AI-MARRVEL was benchmarked against five existing algorithms frequently cited in the literature, Zhandong notes, most extensively Exomiser—a Java application that finds potential disease-causing variants from whole-exome or whole-genome sequencing data—and Genomiser, an extension of Exomiser that associates regulatory variants to specific Mendelian diseases. 

Case for Reanalysis

Proportionally, unresolved genetic disease cases in the clinic after an initial round of clinical exome sequencing averages about 60%, says Pengfei. One major contributor to the cold case problem is that “the mutation we are trying to find is actually in the data but... we can’t analyze it well enough.” 

The implication is that reanalysis of the data can be done in subsequent years for the undiagnosed cases using the most updated system where more variants were annotated as pathogenic, Pengfei says. Periodic reanalysis, which is one of the use cases proposed for AIM, can result in new molecular diagnoses over time, as he and his colleagues pointed out in a 2019 article in the New England Journal of Medicine (DOI: 10.1056/NEJMc1812033).  

Unfortunately, finding patients to share the news years after their genome was sequenced is not always easy, says Zhandong. “This is a separate challenge that we have to face after we use these sophisticated programs to ensure we find the diagnosis... in the most efficient manner.” 

AIM could help with this downstream issue of delivering results back to patients, adds Pengfei. With just a few clicks, patients themselves could opt to upload their own genome sequencing files through the AI-MARRVEL website for analysis since the Baylor team has identified the handful of parameters yielding the highest performance in ranking diagnostic variants. 

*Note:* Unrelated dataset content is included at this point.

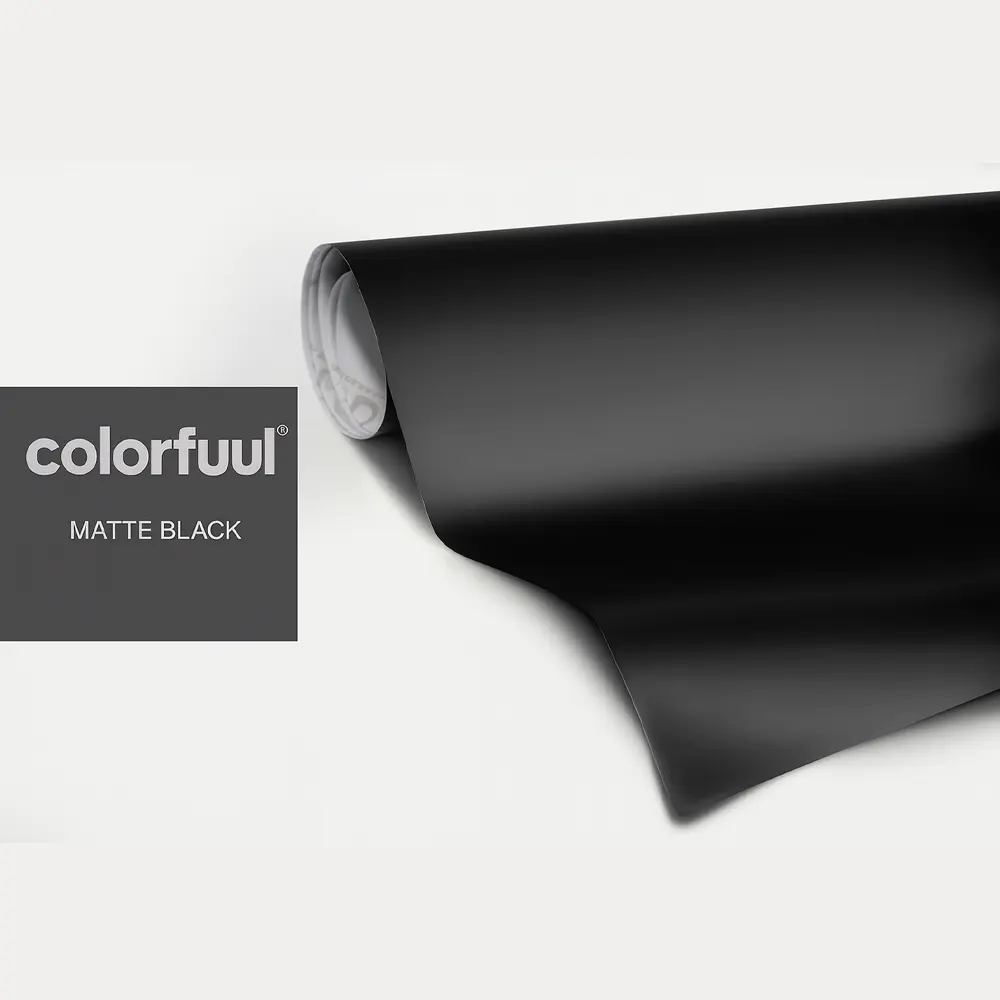Das ColorFuul Black Matte Vinyl Wrap with Air-Release delivers a sleek, stealthy look that never goes out of style. Its deep matte black finish provides a smooth, non-reflective surface that instantly transforms the appearance of any vehicle, Motorrad, or custom project.

Zhandong says he has over the years been emailed questions from parents who were bravely searching for answers to their child’s mysterious illness on the original MARRVEL website. “I believe this new tool will give the power back to patients and their families... without having to completely rely on genome centers.” 

Indeed, AIM is expanding access to people without the domain expertise of large diagnostic labs, including patients as well as researchers, physicians, and even some hospital-based geneticists, says Zhandong. Any stakeholder can use the online system using the “tuning parameters,” or control knobs, of their choosing. 

Forward View

In a research capacity, current users of AIM include Michael Wangler, M.D., one of Pengfei’s colleagues at the Baylor College of Medicine, who is endeavoring to make genomic medicine more accessible and useful for underserved minority communities in Texas. Baylor Genetics is the sequencing partner for the project. 

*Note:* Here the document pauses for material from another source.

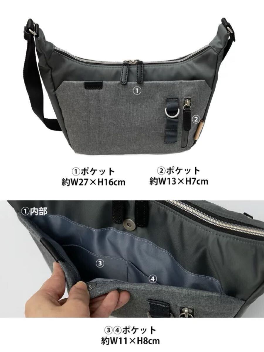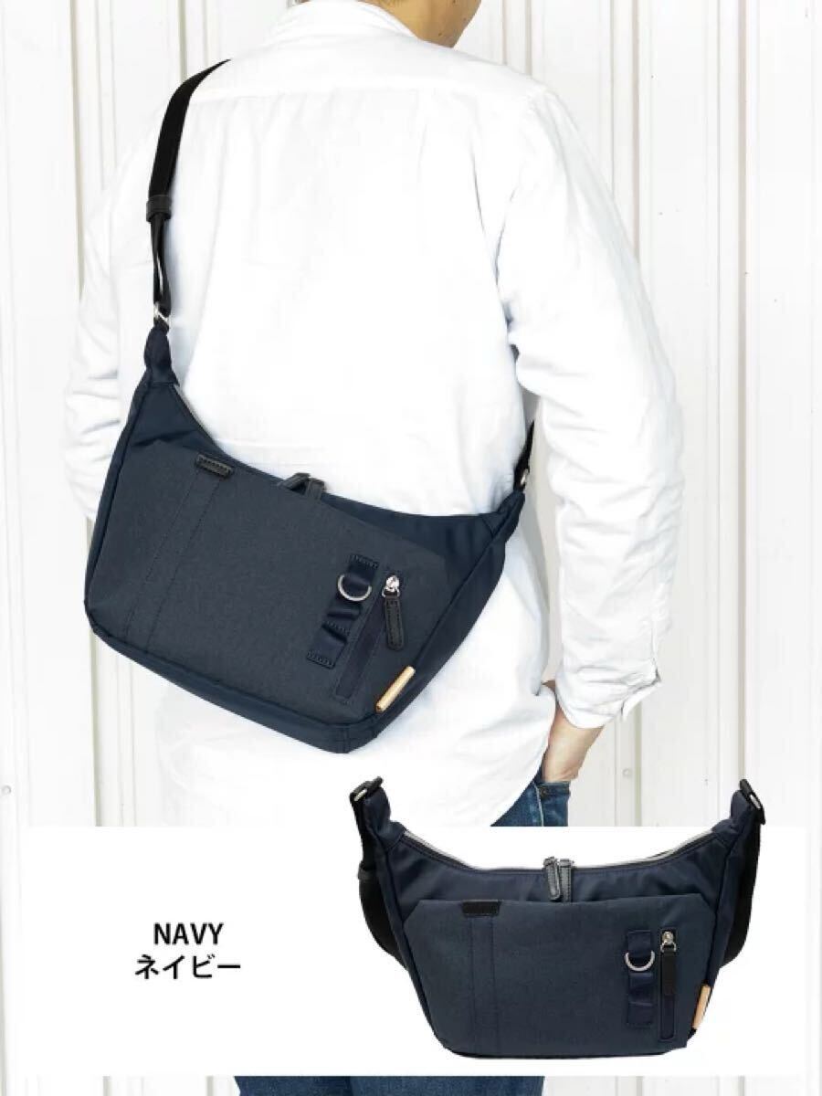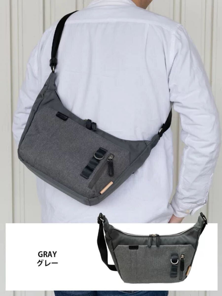 ●ペットボトルや長財布がちょうど入る休日のお出かけにぴったりのショルダーバッグです。人気の杢調ポリを前面ポケット部分に使用しテープをポイントに使ったシンプルでかっこいいデザインになっています。

Caleb Bupp, M.D., division chief of medical genetics and genomics at Corewell Health (formerly Spectrum Health Helen DeVos Children's Hospital), has also been using AIM as part of his efforts to initiate rapid whole genome sequencing, improve the diagnostic yield of testing, and help facilitate increased access to testing in Michigan through Project Baby Deer

Baylor Genetics is currently looking at the potential of moving AIM into clinical use, says Pengfei. Its Clinical Diagnostics Lab is by far the largest of the three training datasets used in the development of AIM, accounting for over 1,000 patients in the training and the testing set combined.  

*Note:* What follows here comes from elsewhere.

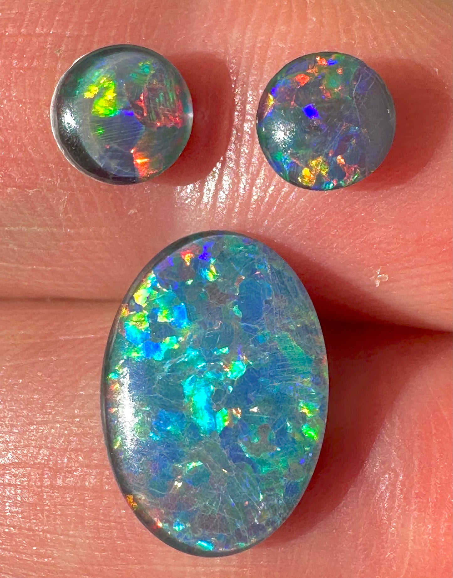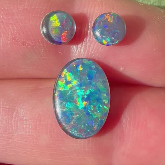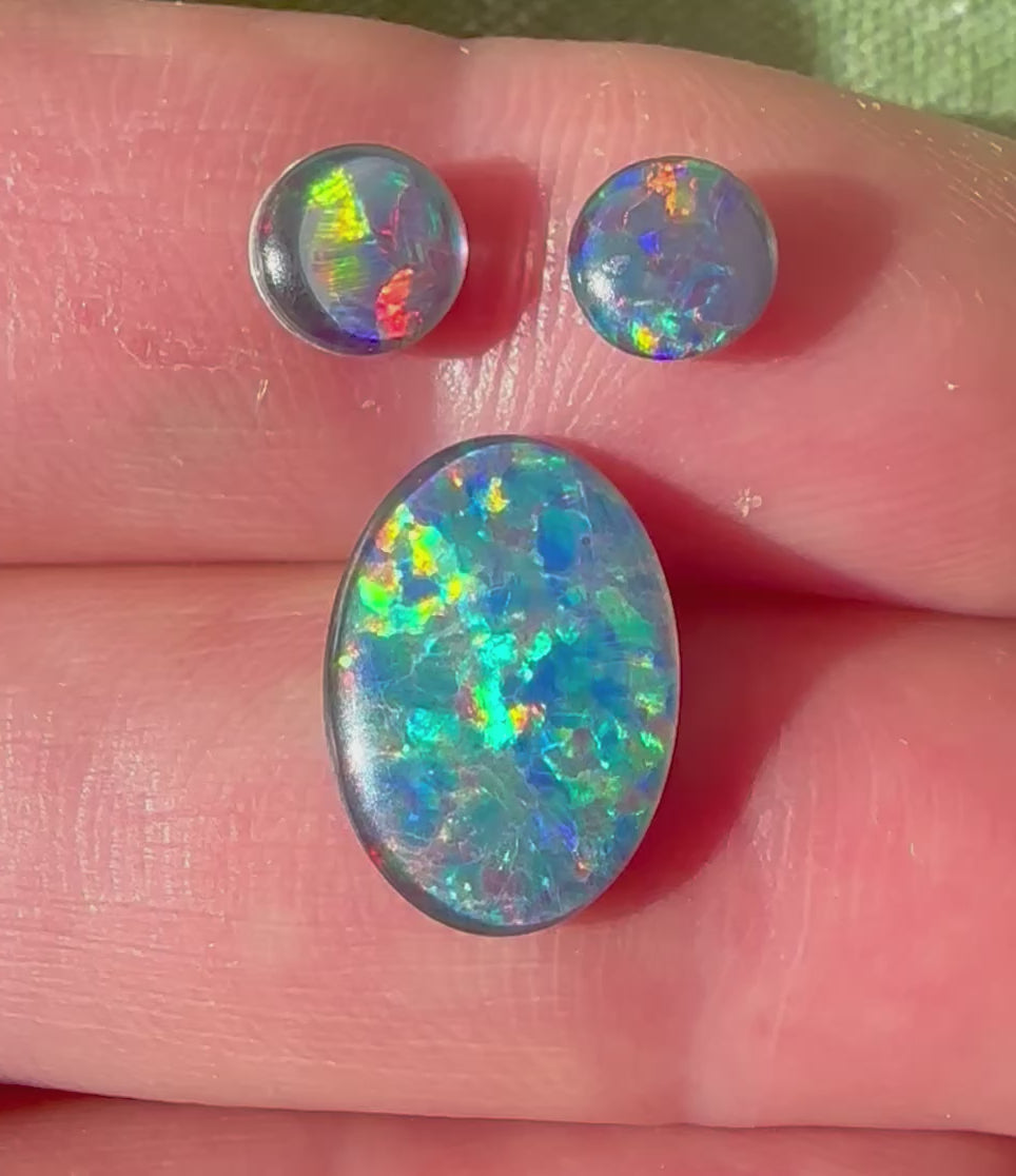 3 opal triplets showing off bright multi colours. Perfect to make stud earrings and ring.

AIM could become a component of laboratory developed tests for rare disease diagnostics being used in clinical labs elsewhere once clinical validation work is completed in those settings, he adds. In this scenario, “we would analyze the [sequencing] data... and decide which is the more reportable variant in the latter part of the workflow.” 

The “semi-automated” algorithm presented in the New England Journal of Medicine paper emphasizing the importance of reanalysis of clinical exome sequencing data was recognized by the National Human Genome Research Institute as one of the 10 most important findings in 2019 for genomic medicine, says Pengfei. In a subsequent interview about the approach, he said the next step is to fully automate the analysis process—an “exciting direction we are [quickly] moving toward.”